__TASK DETAILS__. Please return all records verbatim, no pictures.

__EXTRACTED RECORDS__.
+--

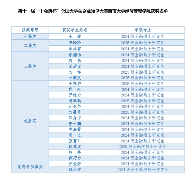 公司22名硕士研究生获奖,创历年参赛最佳成绩。其中,金融硕士研究生王甜荣膺大赛一等奖;陈玲玲、周卓霖获二等奖;彭湘怡、何莉、王欣元、刘洋、杜豪放获三等奖;王寒娇等14人获优胜奖;汪姮妤、颜洪洋荣获励志专项基金奖励。
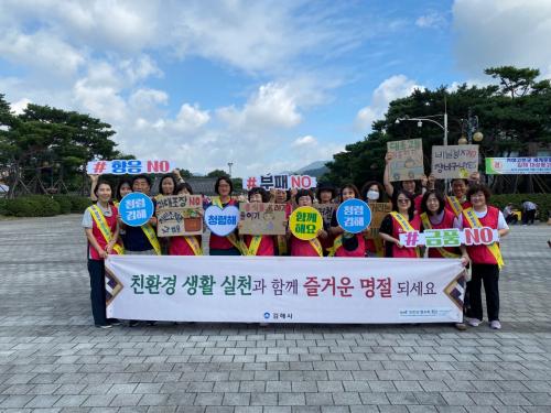 [½Åµ¿¾Æ¹æ¼Û´º½º=ÃÖ¼ÛÈ­±âÀÚ] ±èÇØ½Ã´Â 27ÀÏ ¼ö·Î¿Õ¸ª ¾Õ ±èÇØ5ÀÏÀå ÀÏ¿ø¿¡¼­ ±èÇØ½Ã ±âÈÄ¡¤È¯°æ³×Æ®¿öÅ© ȸ¿ø 20¿©¸í°ú ÇÔ²² ģȯ°æ Ãß¼®¸íÀý º¸³»±â Ä·ÆäÀÎÀ» °³ÃÖÇß½À´Ï´Ù. À̹ø Ä·ÆäÀÎÀº ¹ÎÁ· ´ë¸íÀýÀÎ Ãß¼®À» ¸Â¾Æ ½Ã¹ÎµéÀÌ ¸íÀý¿¡µµ ź¼ÒÁ߸³ »ýȰÀ» ½ÇõÇϵµ¡¦
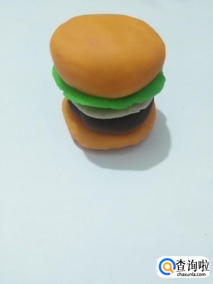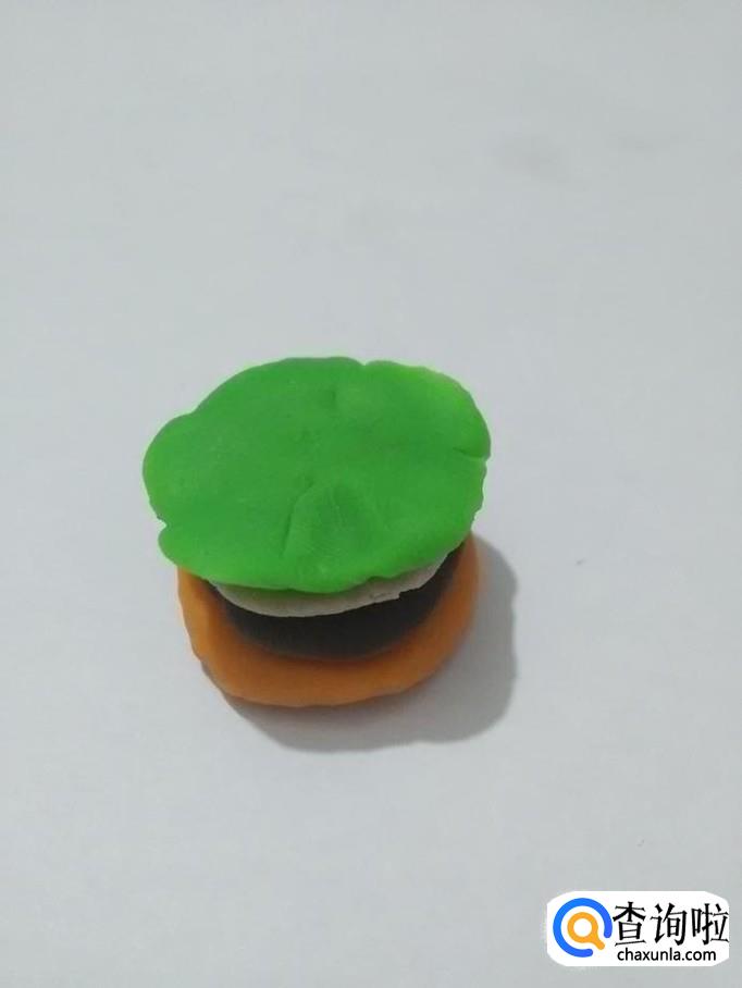 用一大块桔色捏成顶部圆形的圆片,粘在生菜上面,当作最上层的面包。
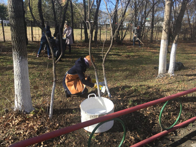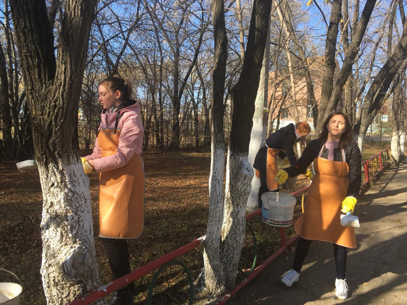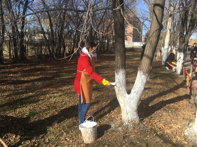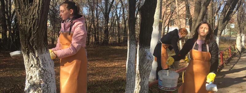 Силами студентов убрана опавшая листва, побелены деревья на прилегающей
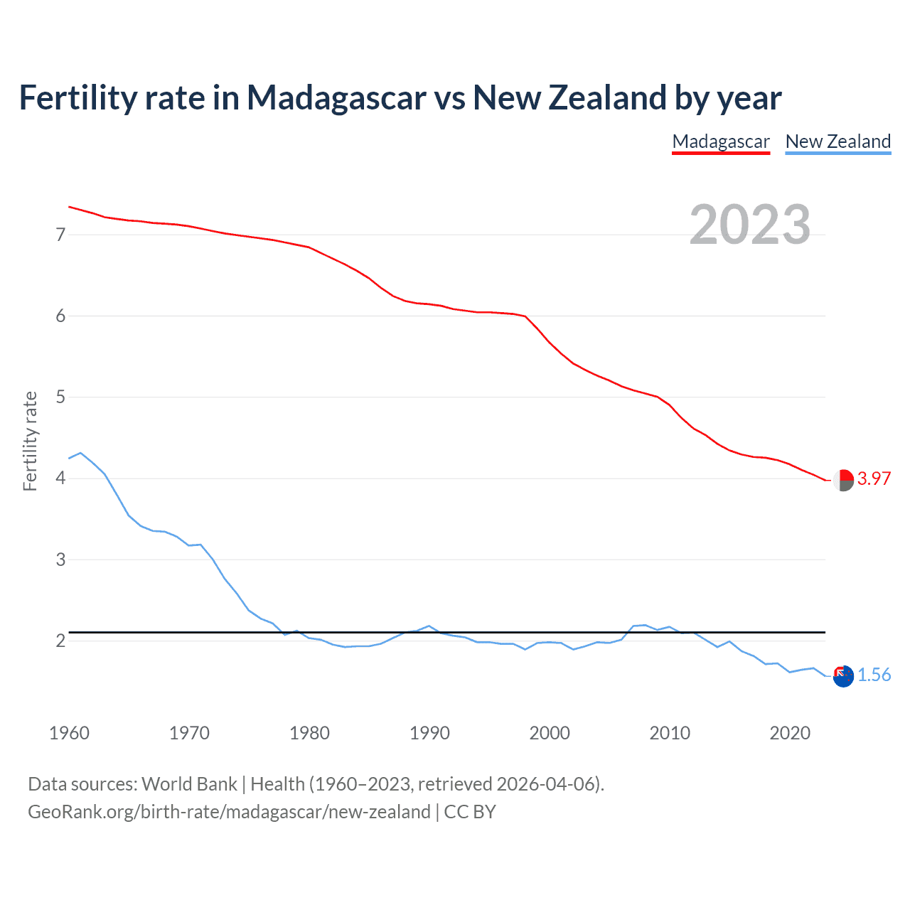 According to the latest available data on birth rates, the fertility rate in Madagascar was 3.97 children per woman in 2023, compared to 1.56 in New Zealand in 2023. The replacement level is considered to be 2.1 children per woman.

+--

__ANSWER SPACE__.
 公司22名硕士研究生获奖,创历年参赛最佳成绩。其中,金融硕士研究生王甜荣膺大赛一等奖;陈玲玲、周卓霖获二等奖;彭湘怡、何莉、王欣元、刘洋、杜豪放获三等奖;王寒娇等14人获优胜奖;汪姮妤、颜洪洋荣获励志专项基金奖励。
 [½Åµ¿¾Æ¹æ¼Û´º½º=ÃÖ¼ÛÈ­±âÀÚ] ±èÇØ½Ã´Â 27ÀÏ ¼ö·Î¿Õ¸ª ¾Õ ±èÇØ5ÀÏÀå ÀÏ¿ø¿¡¼­ ±èÇØ½Ã ±âÈÄ¡¤È¯°æ³×Æ®¿öÅ© ȸ¿ø 20¿©¸í°ú ÇÔ²² ģȯ°æ Ãß¼®¸íÀý º¸³»±â Ä·ÆäÀÎÀ» °³ÃÖÇß½À´Ï´Ù. À̹ø Ä·ÆäÀÎÀº ¹ÎÁ· ´ë¸íÀýÀÎ Ãß¼®À» ¸Â¾Æ ½Ã¹ÎµéÀÌ ¸íÀý¿¡µµ ź¼ÒÁ߸³ »ýȰÀ» ½ÇõÇϵµ¡¦
 用一大块桔色捏成顶部圆形的圆片,粘在生菜上面,当作最上层的面包。
 Силами студентов убрана опавшая листва, побелены деревья на прилегающей
 According to the latest available data on birth rates, the fertility rate in Madagascar was 3.97 children per woman in 2023, compared to 1.56 in New Zealand in 2023. The replacement level is considered to be 2.1 children per woman.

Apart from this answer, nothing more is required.